From the data that follows, set down exactly the lines from the one with "Ready to add" through the one with "Plumbing, electric, irrigation, garage", counting both. Pictures stay out.

[Records shown]

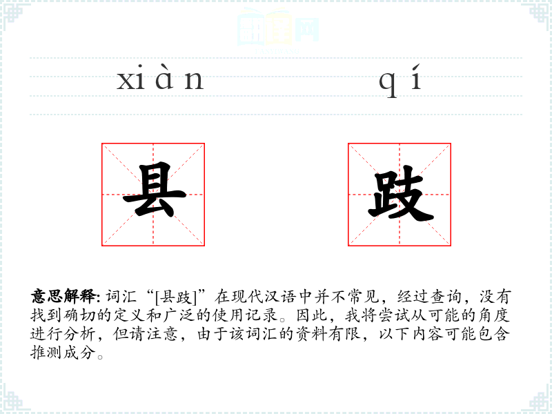 由于“[县跂]”不是一个标准的现代汉语词汇,我们无法提供确切的字面意思和基本含义。它可能是某个方言词汇、古文词汇或者是一个打字错误。
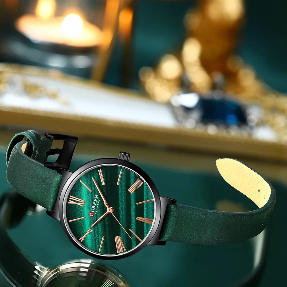 Ready to add a dash of elegance to your daily look? This green leather wristwatch is the perfect blend of sophistication and practicality. Don’t wait to upgrade your accessory collection—make a bold yet subtle statement today. It’s time to shine with this beautiful, versatile watch.
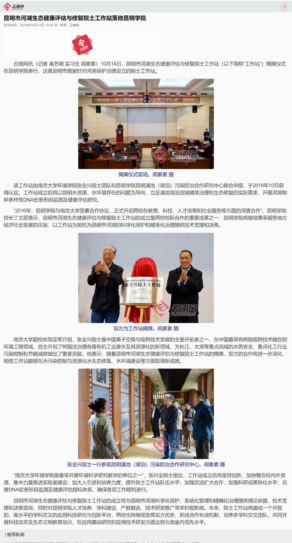 昆明市河湖生态健康评估与修复院士工作站落地Beat365唯一官方网站
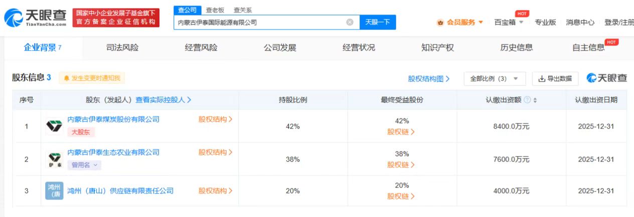 股东信息显示,该公司由鸿州(唐山)供应链有限责任公司、内蒙古伊泰生态农业有限公司、内蒙古伊泰煤炭股份有限公司共同持股。
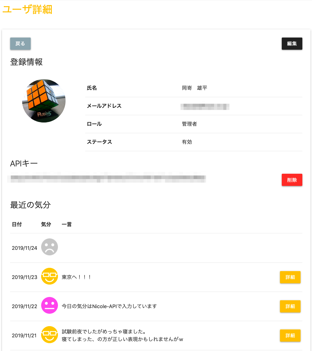 APIも公開しているので、APIキーの発行もできるようにしています。(社内システムなので簡易認証です)
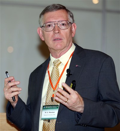 【本報台北訊】今年諾貝爾化學獎得主之一威廉‧莫納爾(William E.Moerner ),今天在中研院原子與分子科學研究所講演「單分子的雙重功能:三維奈米顯微鏡之光源與溶液中多元運動之探針」,他以自身經驗勉勵想從事科學的年輕人,不斷的從失敗中吸取經驗並保持好奇心。
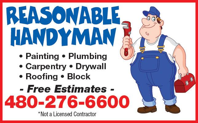 Plumbing, electric, irrigation, garage doors, water heaters, tile and drywall repairs, carpentry, handyman lists and other services. All work guaranteed. Sean Sornberger 480-699-7990
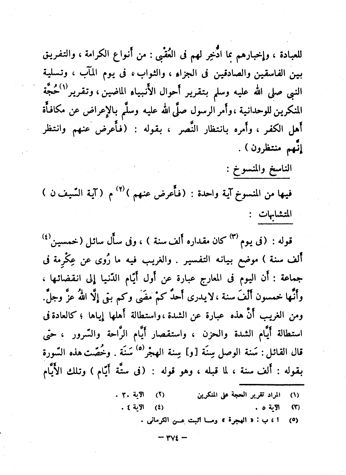 قوله: {فِي يَوْمٍ كَانَ مِقْدَارُهُ أَلْفَ سَنَةٍ} ، وفى سأَل سائل {خَمْسِينَ أَلْفَ سَنَةٍ} موضع بيانه التفسير. والغريب فيه ما رُوى عن عِكْرِمة فى جماعة: أَن اليوم فى المعارج عبارة عن أَول أَيّام الدّنيا إِلى انقضائها، وأَنَّها خمسون أَلْفَ سنة، لا يدرى أَحدٌ كمْ مضَى وكم بقى إِلاَّ اللهُ عزَّ وجلَّ. ومن الغريب أَنَّ هذه عبارة عن الشدة، واستطالة أَهلها إِياها؛ كالعادة فى استطالة أَيَّام الشدة والحزن، واستقصار أَيَّام الرَّاحة والسّرور، حتى قال القائل: سَنة الوصل سِنَة [و] سِنة الهجْر سَنَة. وخُصّت هذه السّورة بقوله: أَلف سنة، لما قبله، وهو قوله: {فِى سِتَّةِ أَيَّامٍ} وتلك الأَيَّام

[/Records shown]

### Solution to the problem
 Ready to add a dash of elegance to your daily look? This green leather wristwatch is the perfect blend of sophistication and practicality. Don’t wait to upgrade your accessory collection—make a bold yet subtle statement today. It’s time to shine with this beautiful, versatile watch.
 昆明市河湖生态健康评估与修复院士工作站落地Beat365唯一官方网站
 股东信息显示,该公司由鸿州(唐山)供应链有限责任公司、内蒙古伊泰生态农业有限公司、内蒙古伊泰煤炭股份有限公司共同持股。
 APIも公開しているので、APIキーの発行もできるようにしています。(社内システムなので簡易認証です)
 【本報台北訊】今年諾貝爾化學獎得主之一威廉‧莫納爾(William E.Moerner ),今天在中研院原子與分子科學研究所講演「單分子的雙重功能:三維奈米顯微鏡之光源與溶液中多元運動之探針」,他以自身經驗勉勵想從事科學的年輕人,不斷的從失敗中吸取經驗並保持好奇心。
 Plumbing, electric, irrigation, garage doors, water heaters, tile and drywall repairs, carpentry, handyman lists and other services. All work guaranteed. Sean Sornberger 480-699-7990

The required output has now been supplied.